__Task details__
Below are records with pictures. Transcribe exactly, and only, the lines from the line with "サイバープロテクションのグローバルリーダーであるアクロニスは、このたび、Frost & Sullivanのレポート「Frost" to the line with "社区环保工作总结社区环保工作", both ends included, but not the pictures.

(Entries provided begins)

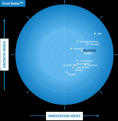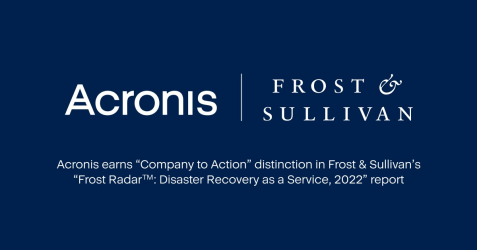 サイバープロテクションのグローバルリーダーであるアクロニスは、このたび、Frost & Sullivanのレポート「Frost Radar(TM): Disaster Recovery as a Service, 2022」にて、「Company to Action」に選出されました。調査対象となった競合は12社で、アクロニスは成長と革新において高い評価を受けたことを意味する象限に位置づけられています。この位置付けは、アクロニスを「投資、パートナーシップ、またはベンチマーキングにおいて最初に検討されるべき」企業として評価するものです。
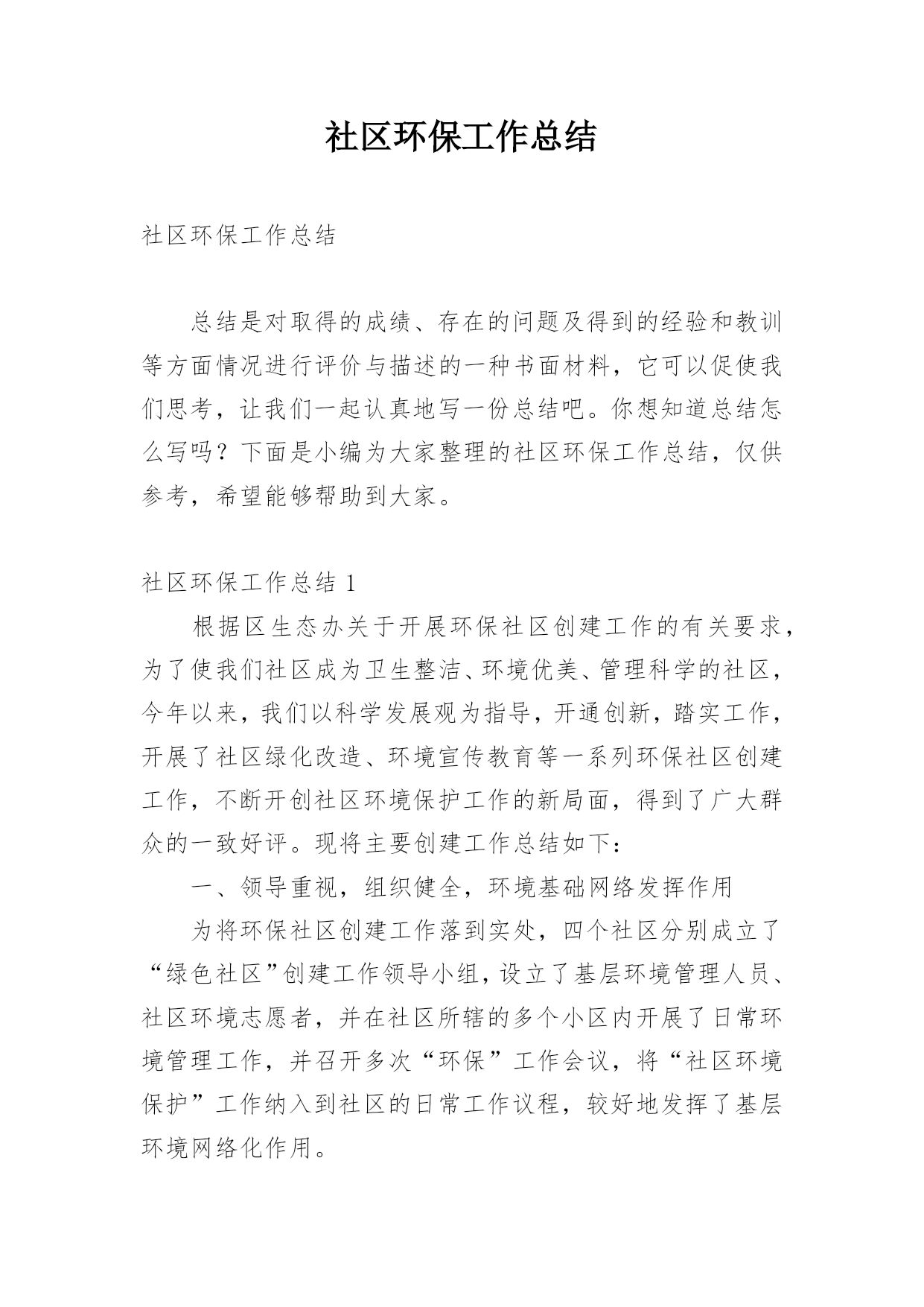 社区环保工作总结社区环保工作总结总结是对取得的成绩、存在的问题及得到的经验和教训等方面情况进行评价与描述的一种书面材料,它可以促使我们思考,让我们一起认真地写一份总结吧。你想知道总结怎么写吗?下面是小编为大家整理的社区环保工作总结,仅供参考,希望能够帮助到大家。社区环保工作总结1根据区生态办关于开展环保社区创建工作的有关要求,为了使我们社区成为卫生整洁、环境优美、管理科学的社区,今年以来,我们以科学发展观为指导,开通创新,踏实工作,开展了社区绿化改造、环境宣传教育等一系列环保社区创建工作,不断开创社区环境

(Entries provided ends)
(Entries provided begins)

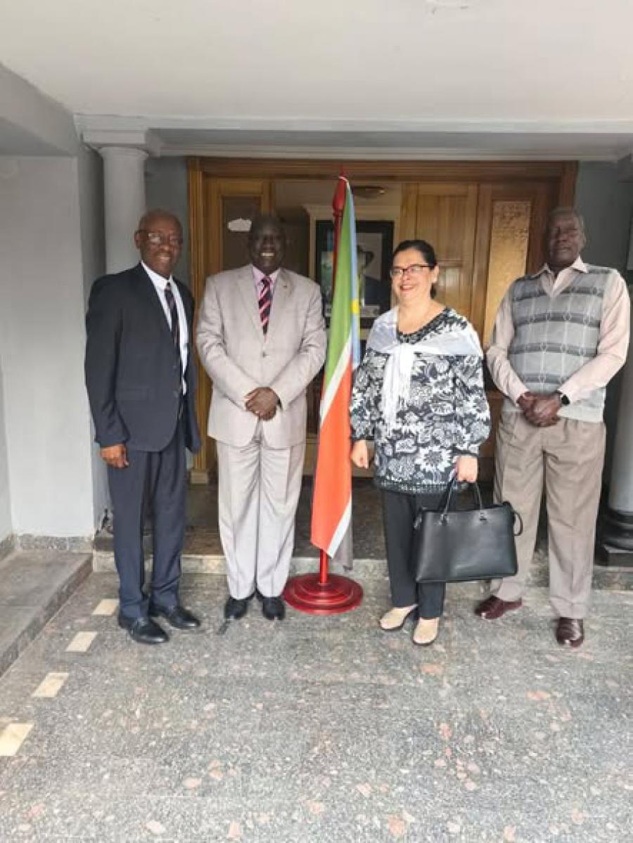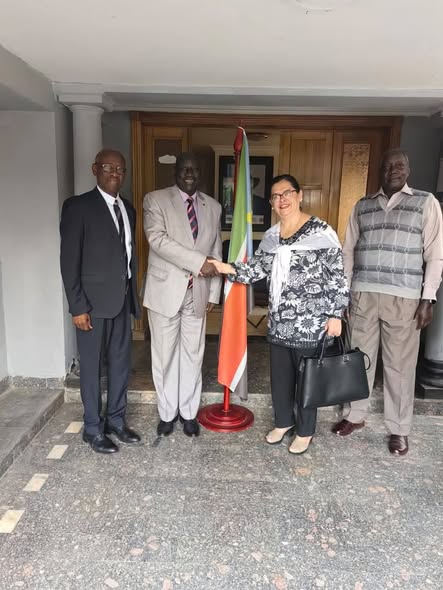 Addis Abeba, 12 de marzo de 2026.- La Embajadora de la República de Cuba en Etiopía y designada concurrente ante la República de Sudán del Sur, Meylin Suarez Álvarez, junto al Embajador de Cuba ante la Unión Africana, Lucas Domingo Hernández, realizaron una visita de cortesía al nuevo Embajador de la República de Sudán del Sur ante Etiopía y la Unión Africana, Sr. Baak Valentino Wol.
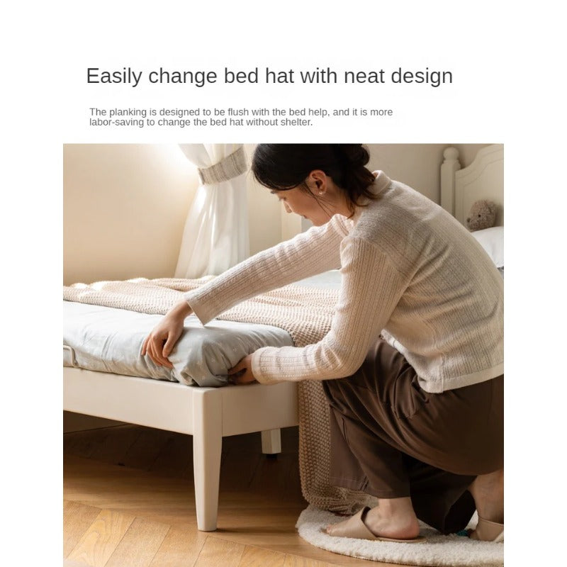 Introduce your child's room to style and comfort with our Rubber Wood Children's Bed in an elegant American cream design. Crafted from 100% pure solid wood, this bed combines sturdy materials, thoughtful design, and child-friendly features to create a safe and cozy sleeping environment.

(Entries provided ends)
(Entries provided begins)

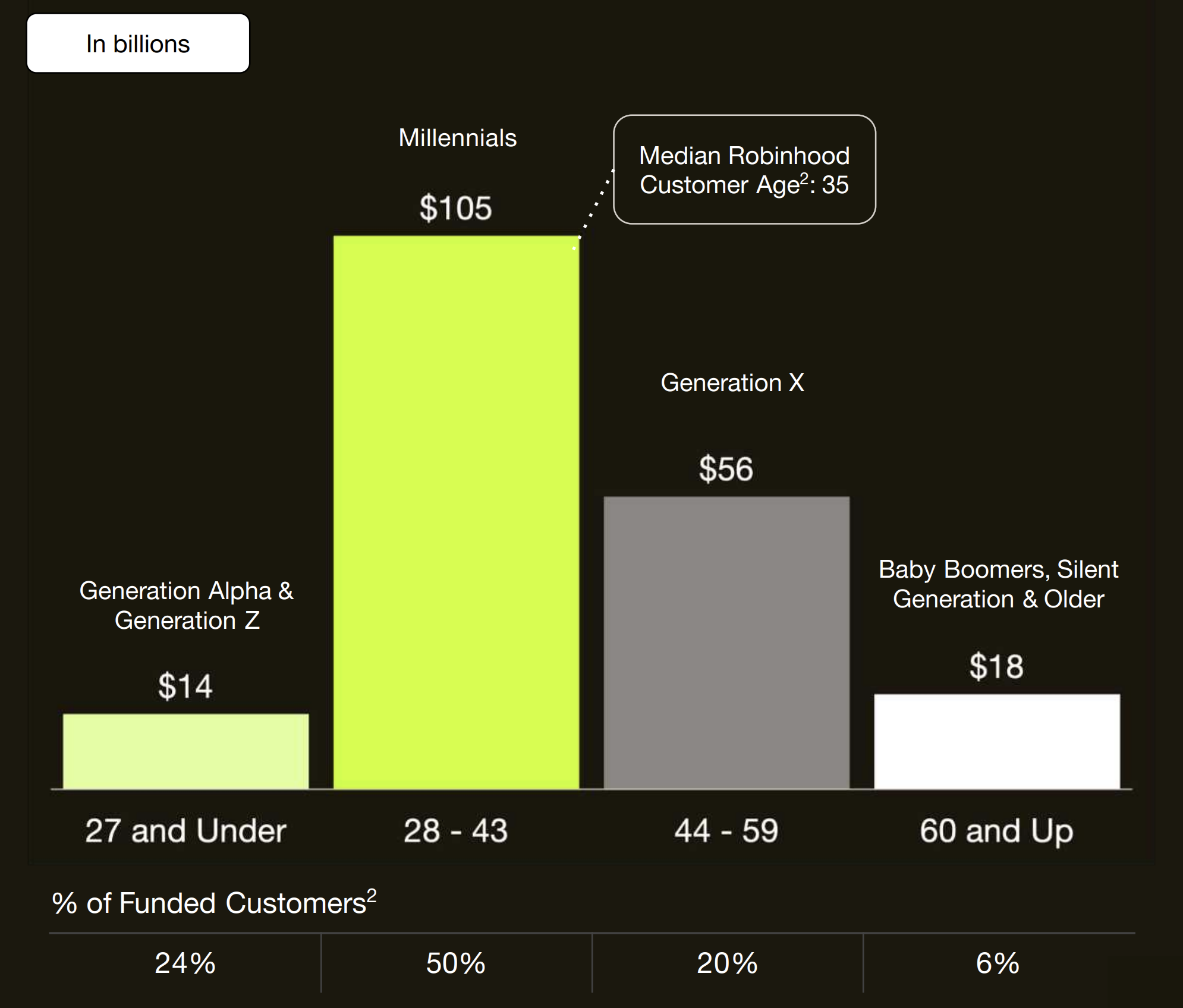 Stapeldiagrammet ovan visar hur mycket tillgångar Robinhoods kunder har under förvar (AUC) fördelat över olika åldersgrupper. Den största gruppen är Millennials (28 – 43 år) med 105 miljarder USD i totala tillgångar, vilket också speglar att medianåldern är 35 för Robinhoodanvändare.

(Entries provided ends)

__Answer area__
 サイバープロテクションのグローバルリーダーであるアクロニスは、このたび、Frost & Sullivanのレポート「Frost Radar(TM): Disaster Recovery as a Service, 2022」にて、「Company to Action」に選出されました。調査対象となった競合は12社で、アクロニスは成長と革新において高い評価を受けたことを意味する象限に位置づけられています。この位置付けは、アクロニスを「投資、パートナーシップ、またはベンチマーキングにおいて最初に検討されるべき」企業として評価するものです。
 社区环保工作总结社区环保工作总结总结是对取得的成绩、存在的问题及得到的经验和教训等方面情况进行评价与描述的一种书面材料,它可以促使我们思考,让我们一起认真地写一份总结吧。你想知道总结怎么写吗?下面是小编为大家整理的社区环保工作总结,仅供参考,希望能够帮助到大家。社区环保工作总结1根据区生态办关于开展环保社区创建工作的有关要求,为了使我们社区成为卫生整洁、环境优美、管理科学的社区,今年以来,我们以科学发展观为指导,开通创新,踏实工作,开展了社区绿化改造、环境宣传教育等一系列环保社区创建工作,不断开创社区环境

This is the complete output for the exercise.